Dataset items
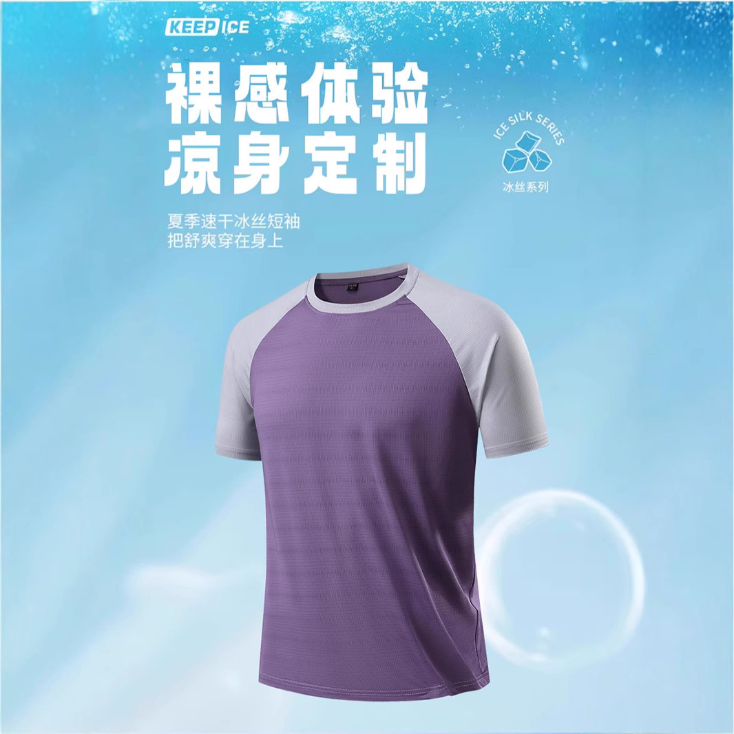 クロスボーダー卸売クロスボーダー卸売アイスシルク速乾性半袖Tシャツメンズ夏薄手ルーズTシャツ2024新しいスタイル透明
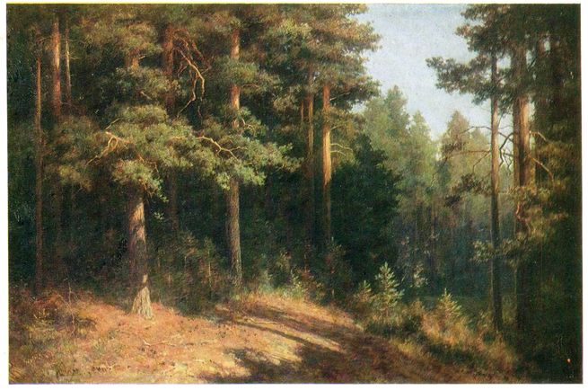 Сквозь сосны тянутся к зеленому ковру,
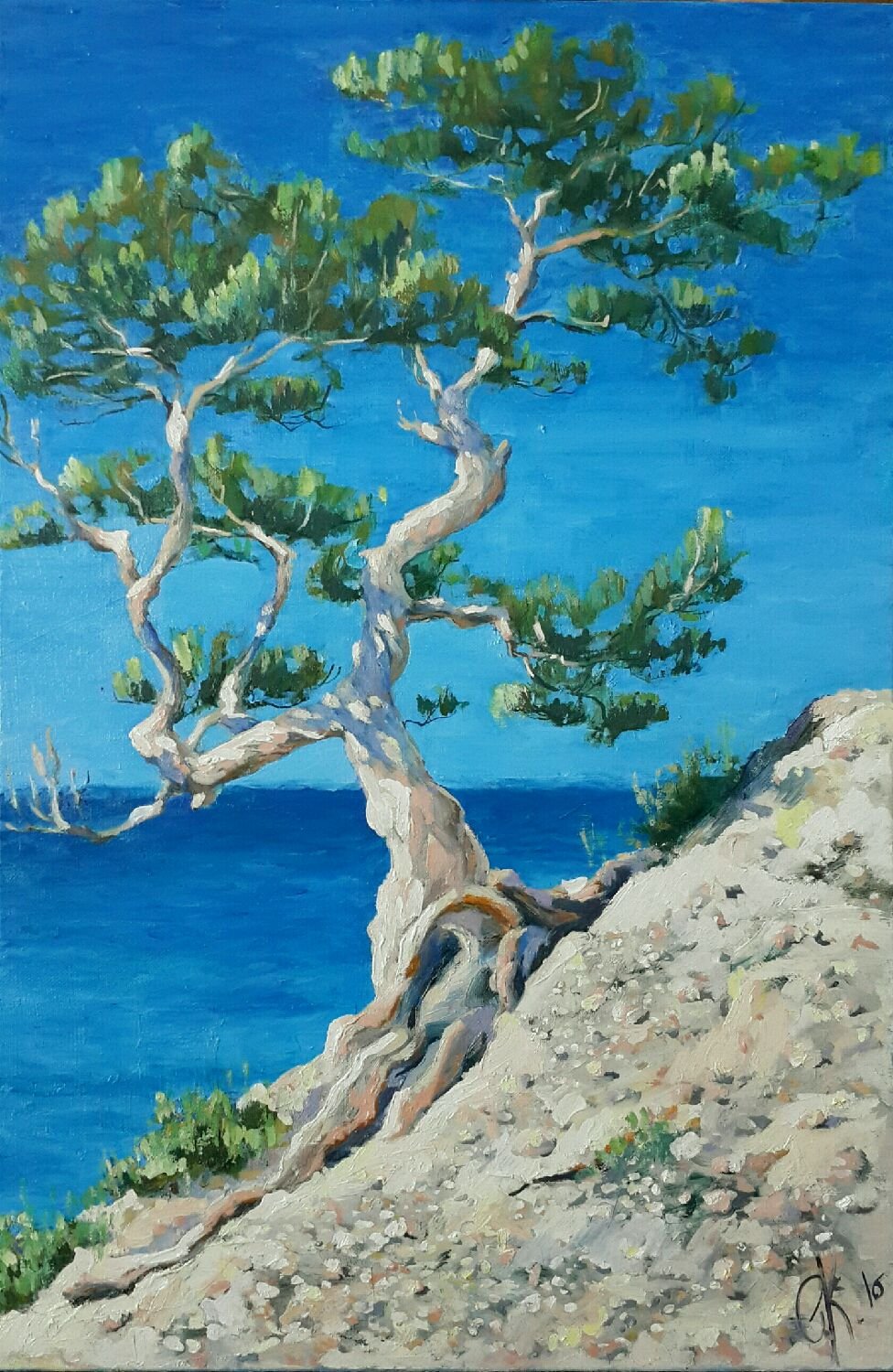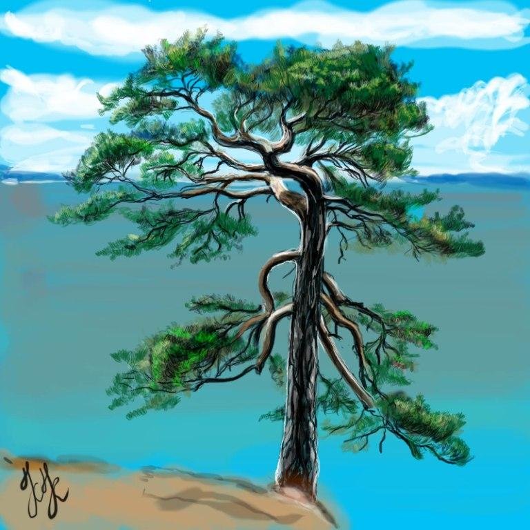 Живопись сосна на скале
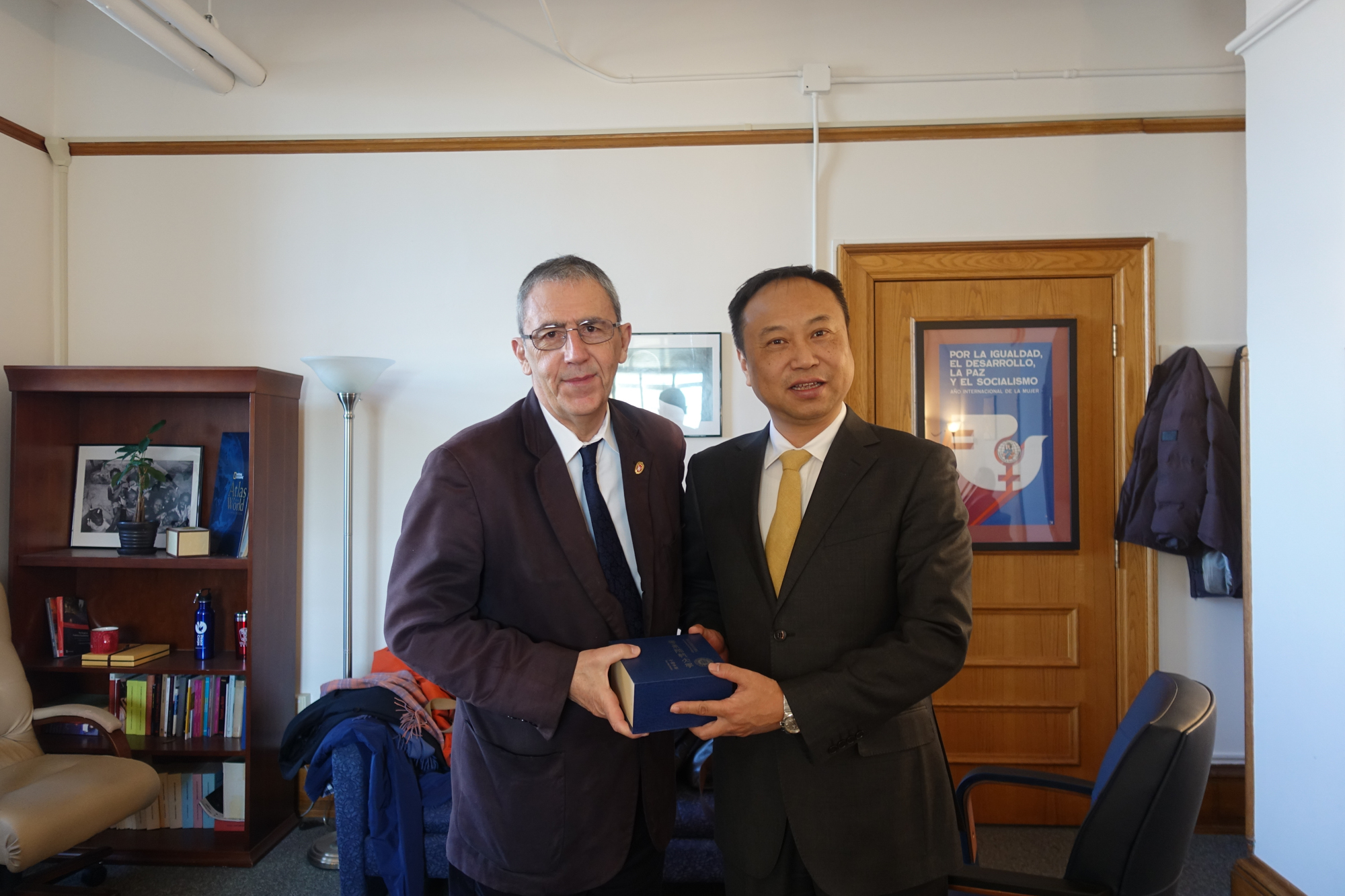 威斯康辛大学麦迪逊分校副教务长兼国际交流处处长Guido Podesta与副校长戴立益互赠礼物
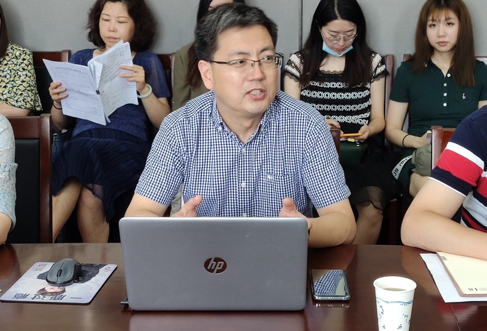 为了更好地做好“十三五”规划执行情况的总结,做好学院“十四五”规划的谋划工作,让学院教职工更好地理解、领会并践行学校第二次党代会报告的内涵与意义,2020年6月17日,外国语学院党总支部在古平岗综合楼二楼会议室顺利举行了党总支理论学习中心组扩大会议,再次学习了学校第二次党代会报告精神。学校党委常委、副校长牛玉韬同志担任主讲人。党总支部副书记章琼担任主持人。全体教职工参加了此次学习活动。牛玉韬校长用了一个多小时为外国语学院教师分享了题目为《党代会报告再学习,“十四五”规划续新篇》的辅导报告。首先,牛校长结合实际的案例,指出党代会报告的三个特点:新、远、实。回顾了江苏开放大学的发展历程,指出开放大学是我们几代人的追求,大学是我们的根本属性,开放是我们最大的特色。提出思想解放是根本,模式创新是路径。希望大家能对标校第二次党代会报告,紧扣十二项工程,紧盯硕士授予条件,科学谋划外国语学院的“十四五”发展规划,为建设有质量、有尊严的高水平开放大学继续努力奋斗。牛校长的分享深入浅出,生动有趣,深深吸引了在场的老师们。大家都聚精会神地聆听,认真地做笔记,受益匪浅。公共外语教学部主任方宇波老师代表老师们
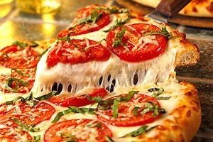 – Decore com rodelas de tomate, cebola e polvilha folhas de manjericão e orégano.
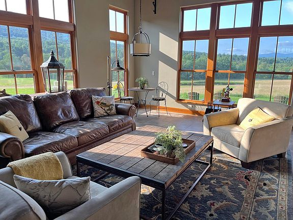This is an impeccably designed and constructed home in flawless condition in a coveted Waitsfield location. Situated on 20.2 acres of open meadowland the home site features, a heart shaped pond, exquisite views of mountain ranges, ski trails and surrounded by tranquil gardens. The warm, inviting interior offers many outstanding features, living room with vaulted ceiling, a light-filled kitchen to delight any chef, with a work space pantry, dining room with a stone wood fired pizza oven, high end fixtures throughout and gorgeous reclaimed wood finishes. First floor primary bedroom suite with jacuzzi tub & steam shower. Special features also include; outdoor shower just outside deck off the primary bedroom suite. a covered patio with a stone fireplace, spacious game room with fireplace over the two-car garage. This stunning home is ready for your immediate occupancy and enjoyment and includes almost all of the thoughtfully chosen furnishings.
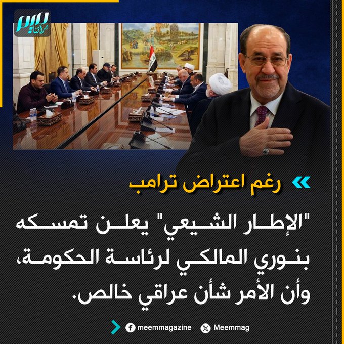 رغم اعتراض ترامب.. "الإطار الشيعي" يعلن تمسكه بنوري المالكي لرئاسة الحكومة، وأن الأمر شأن عراقي خالص.
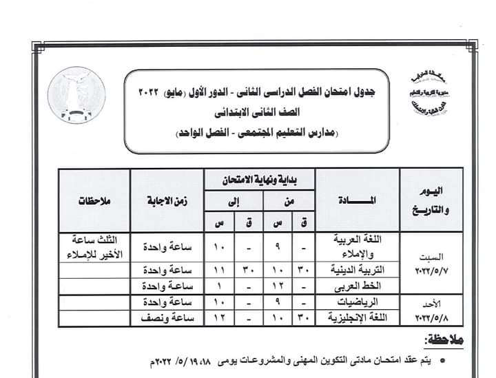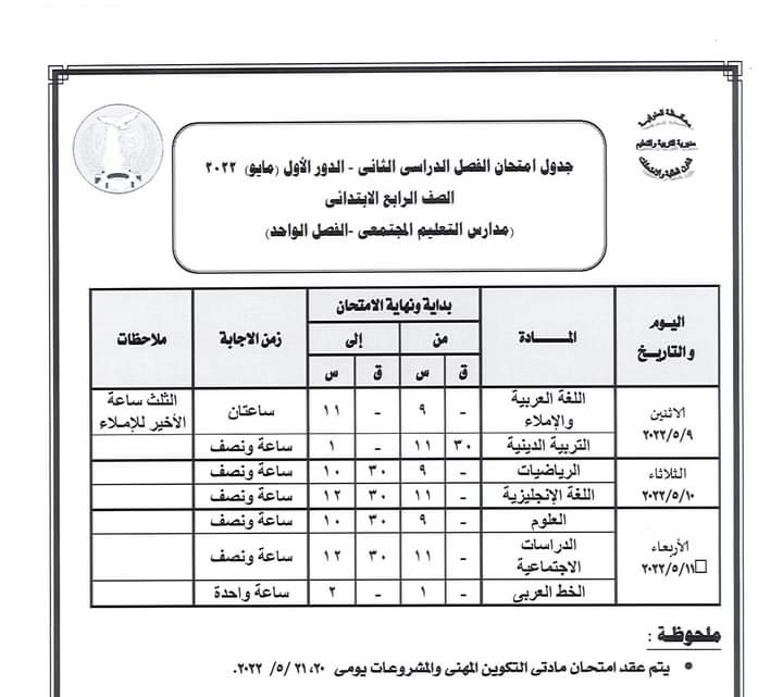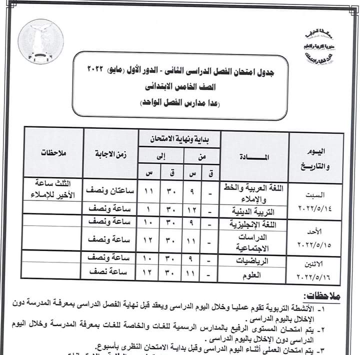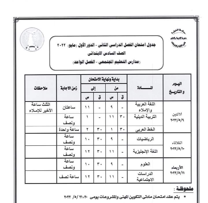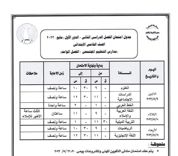 أعلنت مديرية التربية والتعليم بالمنوفية جداول سير امتحانات الدور الأول من العام الدراسي 2021 /2022 لصفوف النقل الابتدائي والإعدادي والشهادة الإعدادية العامة والمهنية ومدارس التربية الخاصة والنقل للتعليم الفني ومدارس التعليم المجتمعي ( الفصل الواحد ).

- **Instructions to follow**:
Repeat exactly the lines from the start of the entries down to the line with "威斯康辛大学麦迪逊分校副教务", keeping both ends but none of the pictures.

- **Solution to this task**:
 クロスボーダー卸売クロスボーダー卸売アイスシルク速乾性半袖Tシャツメンズ夏薄手ルーズTシャツ2024新しいスタイル透明
 Сквозь сосны тянутся к зеленому ковру,
 Живопись сосна на скале
 威斯康辛大学麦迪逊分校副教务长兼国际交流处处长Guido Podesta与副校长戴立益互赠礼物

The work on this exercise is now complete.